Do you think releasing stuff like this might be bad for the university since the students have the possibility to learn without actually enrolling, thus depriving the university of some potentially good students?

Or is the effect opposite - good word, good press, good marketing.

Or, maybe I am completely of track and one has nothing to do with the other?


Don't think it matters. The information has never really been locked away, and the value added by the university environment (personal contact with top lecturers, working closely with like minded students, formal qualification, the chance to meet all sorts of cool people) is still enough to draw students.

It's a dry old world if you only focus on access to the material.


Right now in the USA I have to imagine there is actually a glut of students. While many of them really do want to learn, I would argue a great majority are enrolled in college because "that's what they're supposed to do." I don't think an institution like MIT is at any risk of running out of potential students any time soon.


Well, most (all?) public universities let you check out books from their libraries without being enrolled. And many professors will let you sit in on lectures if you're polite and not a disturbance. So in that sense it's been possible to 'mooch free learning' off of universities for some time.

But this takes away the barrier of having to actually visit a campus. I think of it as 'freemium' marketing, but for academia.


> So in that sense it's been possible to 'mooch free learning' off of universities for some time.

They are more stingy with grading your exercise questions, because that takes time. But if you are genuinely interested, you can probably find someone to grade your stuff; or if you are advanced enough, just try to write a paper. Professors will probably help you, even if you are not in a university. (Just offer co-authorship, if necessary.)


No.

Students need to be graded. You're paying for assessment as well as education.


I seriously doubt it will hurt universities. The fact is, to accomplish anything mainstream, you are still 'required' to have a degree. You can certainly accomplish a lot without it, but the barrier to entry is increased significantly without one.

There are of course exceptions, i.e, most technology jobs and on the opposite side; medicine.


The university needs to have enough demand to keep their price high -- and MIT is NOT losing applicants because they can listen to Gilbert Strang for free. Or even if MIT is losing applicants, it probably doesn't impact the number they admit each year.

On the other hand senior professors (not universities, at least to the same degree) trade in fame, not enrollment; Gilbert Strang's career has almost surely only benefited by the fact that we all know his name. MIT probably benefits as well.

However, crappy on-line universities (National, etc) might really be taking a hit from these things -- though, again, one pays for certification not (just) learning.


It's probably more that more knowledge, education and information is good for everyone, especially universities.
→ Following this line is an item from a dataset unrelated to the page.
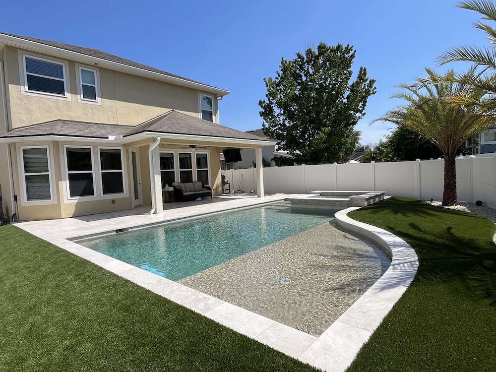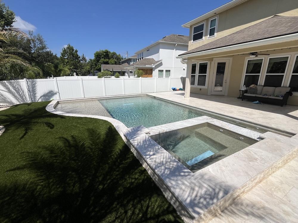 Vibrant iridescent ocean, deep blue, clear, and light blue glass beads, along with the sparkle of ocean shells, are combined with gold pebbles. The watercolor, in most cases, falls into a light aquamarine hue. The watercolor is reminiscent of the turquoise waters in the Caribbean. View our disclaimer page to set proper expectations. Visit our blog page to learn more about pool finishes.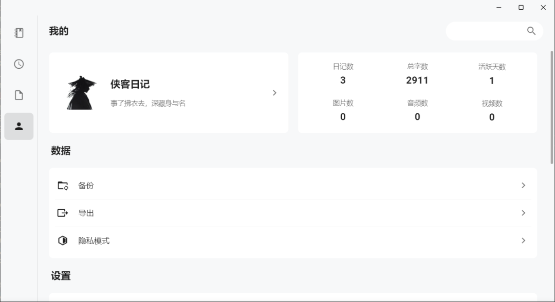 侠客日记适用于需要记录生活、工作、学习等各种场景的用户。它支持多平台使用,无论是在Windows、Android、macOS、Web还是Linux上,用户都能随时随地记录自己的所见所闻、所思所感。同时,其丰富的功能特性也满足了用户对于日记应用的多样化需求,如隐私保护、多媒体支持、数据导出等。

It's not like you can go around talking about your MIT degree because you took a calc course online, but you are more likely to support higher education, research and its corresponding political necessities if you've got some education. You're also more likely to be productive and consequently more wealthy, and a bigger tax payer as a result.

I think it's an investment in society.


What's to say you can't just walk into pretty much any university and sit in on their lectures?